* _Task brief_: Whenever an image turns up, omit it and return the remaining data exactly.

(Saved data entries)
::::::::::

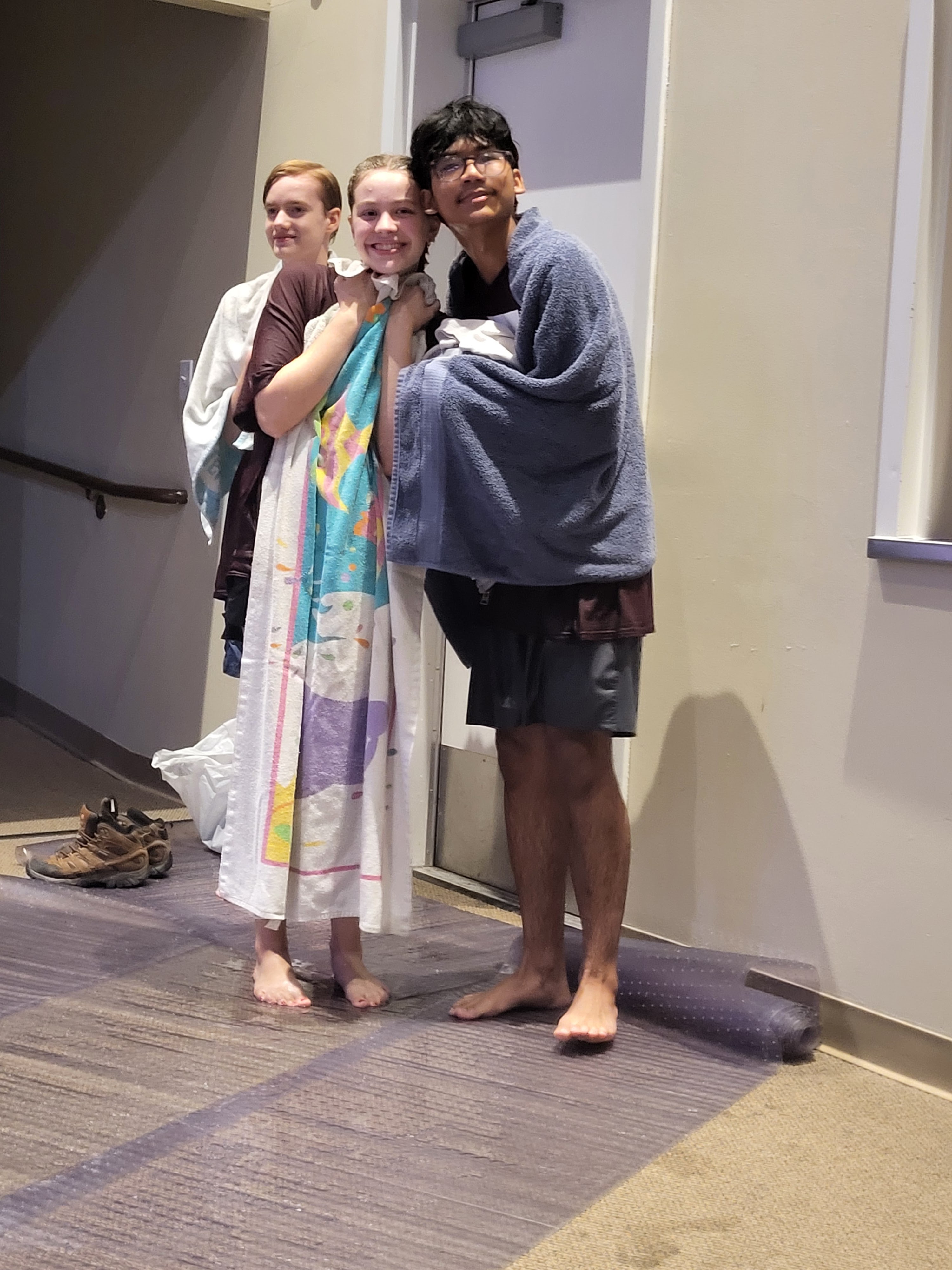 Once they were baptized they hung out on the mats off to the side so they could watch the other people get baptized.
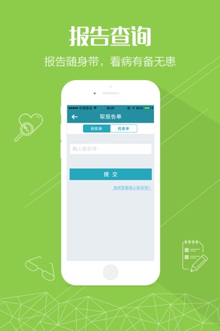 2、取报告单:在家也能取报告单,无需往返医院查询、取单;
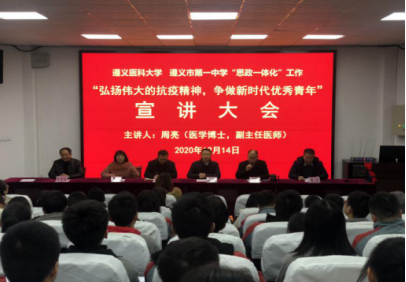为了进一步推动大中小“思政一体化”工作,按照“太阳集团tyc539遵义市第一中学‘寻找遵义故事 传承红色基因’思政一体化联合建设工作方案”相关工作计划,2020年12月14日下午,太阳集团tyc539赴遵义市一中成功举办了“弘扬伟大抗疫精神,争做新时代优秀青年”的“思政一体化”主题宣讲会。
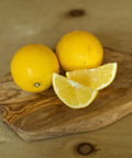 Our Certified Organic Meyer Lemons are some of the best tasting fruit you will enjoy. As a variety, they're believed to be a hybrid cross between a lemon and a mandarin orange. These genetic changes produce a low acid, slightly sweet, rich flavor in the Meyer variety making them a perfect centerpiece ingredient for lemon curd, pudding, tarts, cookies, cakes, and even Limoncello! They're rounder than regular lemons and tend to have an orange tint when ripe.
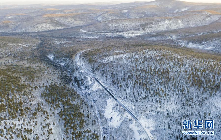 1月6日,一輛列車穿行在西羅奇維修工隊(duì)管區(qū)的林海雪原上(無人機(jī)照片)。新華社記者才揚(yáng)攝
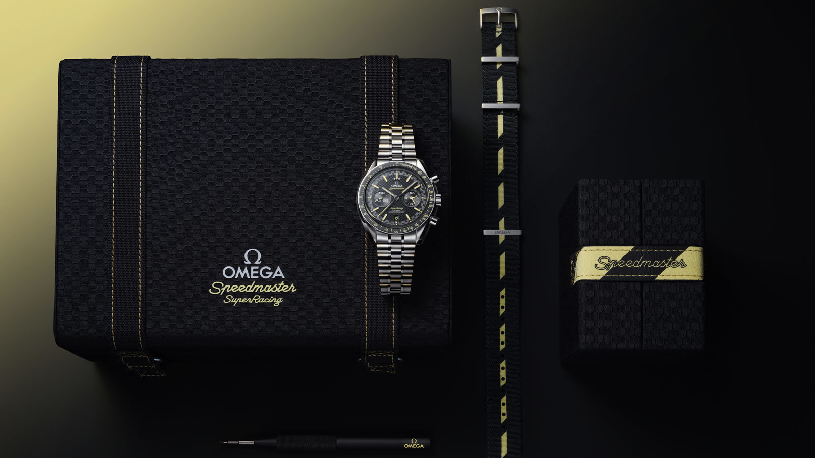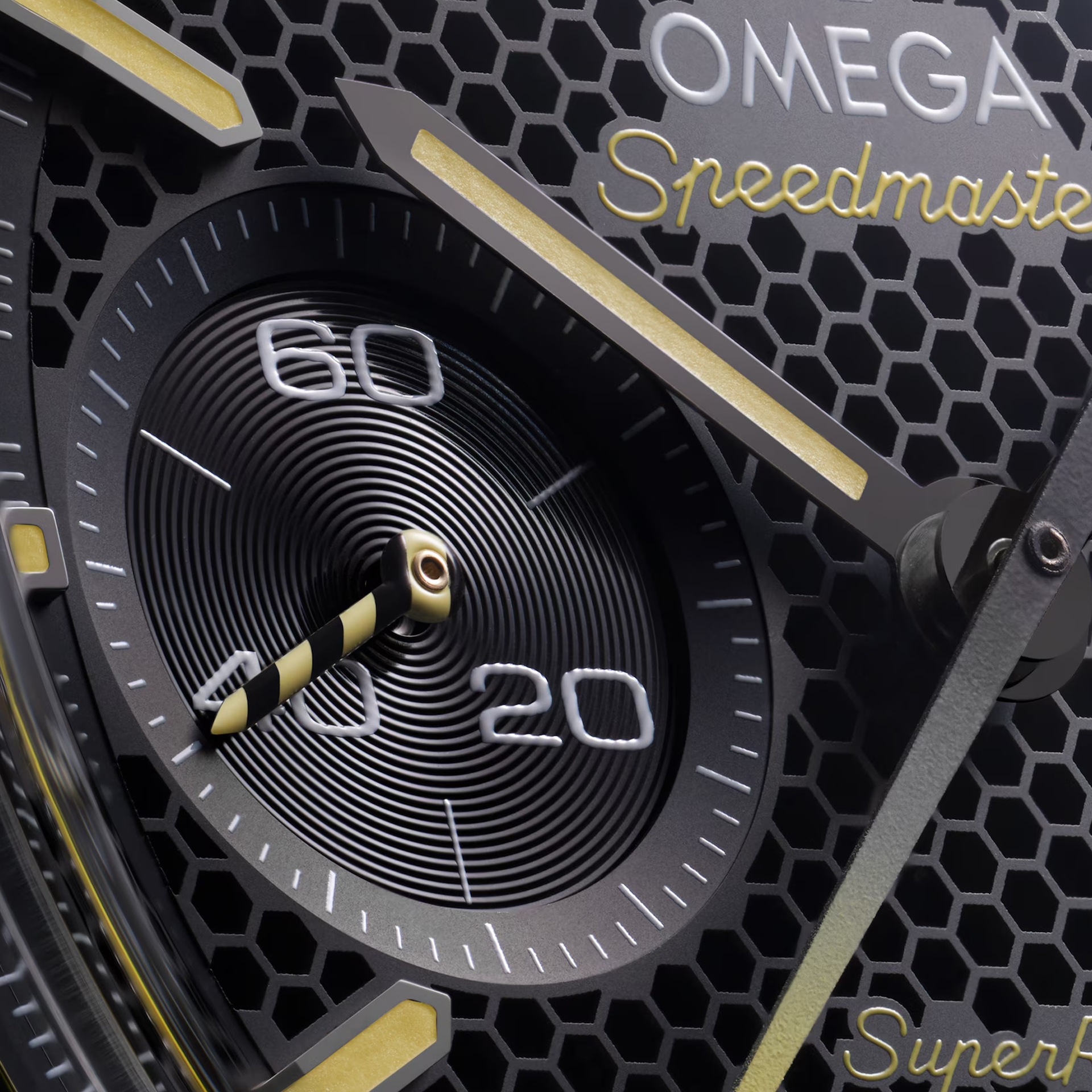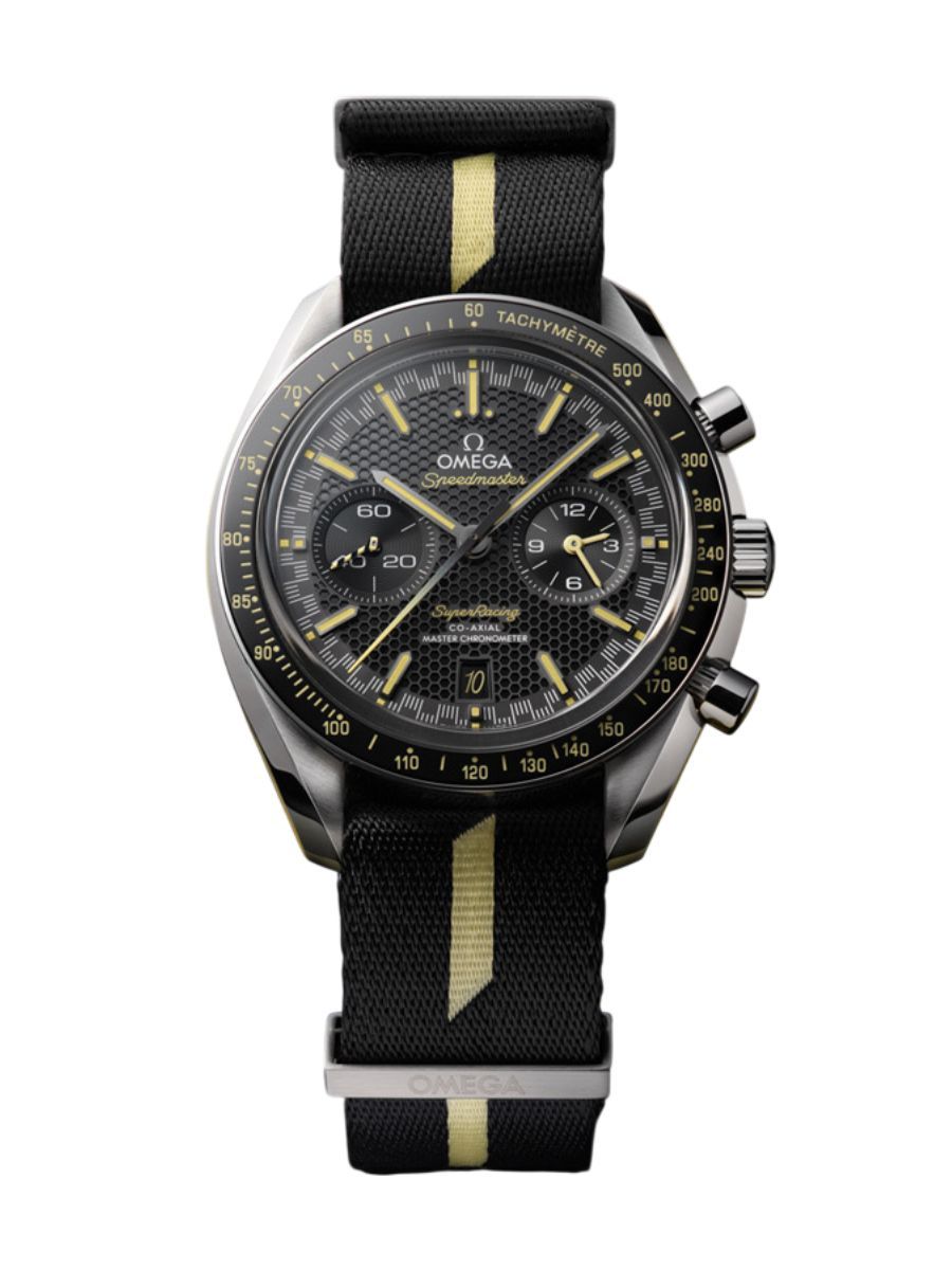 The watch is powered by OMEGA's Co-Axial Master Chronometer 9920, certified by METAS at the industry's highest standard. The watch comes in a honeycomb patterned Speedmaster box in black with yellow stitching, and includes a recycled nylon NATO strap with black and yellow stripes.

::::::::::

* _Result of this exercise_:
 Once they were baptized they hung out on the mats off to the side so they could watch the other people get baptized.
 2、取报告单:在家也能取报告单,无需往返医院查询、取单;
为了进一步推动大中小“思政一体化”工作,按照“太阳集团tyc539遵义市第一中学‘寻找遵义故事 传承红色基因’思政一体化联合建设工作方案”相关工作计划,2020年12月14日下午,太阳集团tyc539赴遵义市一中成功举办了“弘扬伟大抗疫精神,争做新时代优秀青年”的“思政一体化”主题宣讲会。
 Our Certified Organic Meyer Lemons are some of the best tasting fruit you will enjoy. As a variety, they're believed to be a hybrid cross between a lemon and a mandarin orange. These genetic changes produce a low acid, slightly sweet, rich flavor in the Meyer variety making them a perfect centerpiece ingredient for lemon curd, pudding, tarts, cookies, cakes, and even Limoncello! They're rounder than regular lemons and tend to have an orange tint when ripe.
 1月6日,一輛列車穿行在西羅奇維修工隊(duì)管區(qū)的林海雪原上(無人機(jī)照片)。新華社記者才揚(yáng)攝
 The watch is powered by OMEGA's Co-Axial Master Chronometer 9920, certified by METAS at the industry's highest standard. The watch comes in a honeycomb patterned Speedmaster box in black with yellow stitching, and includes a recycled nylon NATO strap with black and yellow stripes.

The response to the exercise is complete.